Using the M extension
The RISC-V M extension provides both 32-bit multiply and divide instructions, and these can be effectively used to implement 64-bit division. emRun provides a number of implementations for this situation according to how your core is configured.
Division and remainder are pressed into use by the DIVU (unsigned divide) and REMU (unsigned remainder) instructions. One implementation of 53-bit by 53-bit division (used to divide double-precision significands) uses the schoolbook algorithm, delivering 10 or 11 bits of quotient per step, along with a final rounding bit.
Using DIVU and REMU in this way results in the following performance, depending upon the implementation of the hardware divider:
Function Min Max Avg Description ----------- ------ ------ ------ ------------------------- __divdf3 437 452 441.4 1 quotient bit per cycle __divdf3 277 292 281.4 2 quotient bits per cycle __divdf3 197 212 201.4 4 quotient bits per cycle
Typically, DIVU and REMU are not fused and do not execute together, they execute sequentially. Without fusing, calculating a quotient and a remainder takes twice as long as it should because the division is performed twice, wasting time and energy.

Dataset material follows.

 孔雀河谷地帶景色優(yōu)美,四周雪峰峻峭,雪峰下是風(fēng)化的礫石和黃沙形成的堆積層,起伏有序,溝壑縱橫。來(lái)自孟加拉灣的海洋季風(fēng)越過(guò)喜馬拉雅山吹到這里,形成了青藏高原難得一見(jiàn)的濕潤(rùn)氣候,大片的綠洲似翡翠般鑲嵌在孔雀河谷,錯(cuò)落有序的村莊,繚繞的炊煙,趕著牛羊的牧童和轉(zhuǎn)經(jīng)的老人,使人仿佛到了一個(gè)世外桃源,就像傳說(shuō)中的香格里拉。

Rather than using the REMU instruction to calculate a remainder, it is faster to use the multiplier and calculate the remainder manually. Using this technique improves performance at the expense of one additional instruction per division step, so five instructions in total:
Function Min Max Avg Description ----------- ------ ------ ------ ------------------------- __divdf3 297 312 301.4 1 quotient bit per cycle __divdf3 217 232 221.4 2 quotient bits per cycle __divdf3 177 192 181.4 4 quotient bits per cycle
If performance matters, clearly using a fast multiplier to calculate the remainder after division is a win.
Using the Zmmul extension
The RISC-V Zmmul extension introduces multiplication instructions only: No divider. Before Zmmul was ratified, there were some devices shipped in “non-conforming” multiplier-only configuration. But now that Zmmul is ratified, the non-conforming devices and this multiply-only ISA extension deserve special treatment.

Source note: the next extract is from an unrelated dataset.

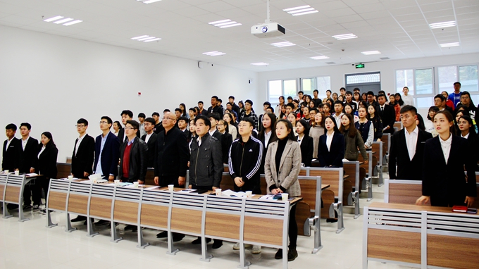 第六项,党总支书记赵健老师讲话,他着重强调员工干部的引领示范作用,提出四个意识,并希望同学们做到高标准严要求,肩负使命,不断前进。

In previous articles I discussed how to divide using a multiply-by-reciprocal technique. emRun offers speedy division for multiplier-only cores, and it performs exceptionally well:
Function Min Max Avg Description ----------- ------ ------ ------ ------------------- __divdf3 246 250 249.2 3-cycle multiplier __divdf3 391 395 394.2 8-cycle multiplier __divdf3 623 627 626.2 16-cycle multiplier
Taking the case of a 3-cycle multiplier, emRun can divide two double-precision values, on average, in 249.2 cycles. Using a 16-cycle (2-quotient-bits-per-cycle) divider, emRun can divide two double-precision values, on average, in 221.4 cycles. The performance difference between these two is about 12.5 %. With this knowledge, it is possible to ship a core without a divider and still attain the performance of a 2-quotient-bits-per-cycle divider using emRun!

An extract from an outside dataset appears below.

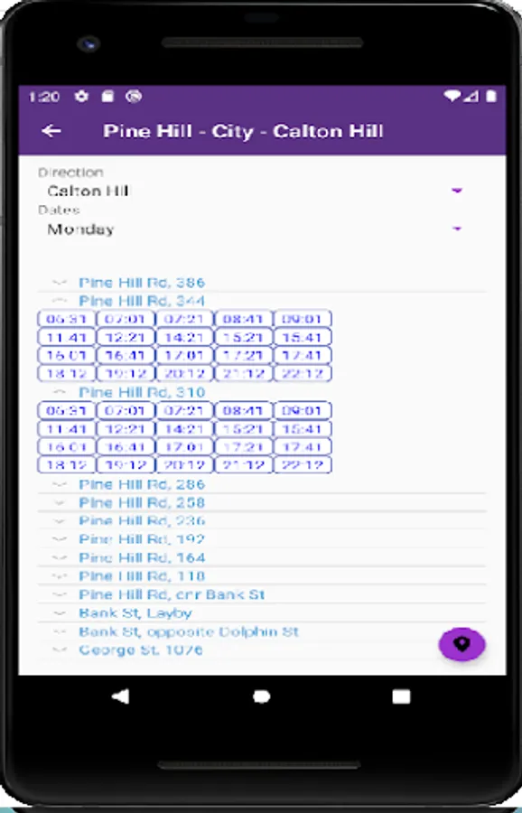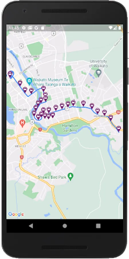 Application to locate routes and time tables for buses in Waikato, New Zealand

Integer division and beyond!
emRun offers these specialisations for integer arithmetic too. But it also takes it further, utilizing the P extension for even faster multiplication and division along with more compact code. And the multiple variants of the B extension are deployed in the same way, again delivering faster and more compact code.
Wrapping up
Reading this, I hope you have some appreciation of the effort that went into designing and implementing many of these algorithms. We have them in generic C, and optimized assembly language versions of all of them for every Arm and RISC-V architecture.
And to our friends designing RISC-V cores: Division is not used frequently as multiplication. As division can be done efficiently using multiply-by-reciprocal, it really is not worth putting in a hardware divider, unless speed of division is important and the divider is very fast (or cost of the additional silicon is irrelevant).
We have paid attention to the details in emRun. It’s just what SEGGER’s Embedded Experts do. And it simply works!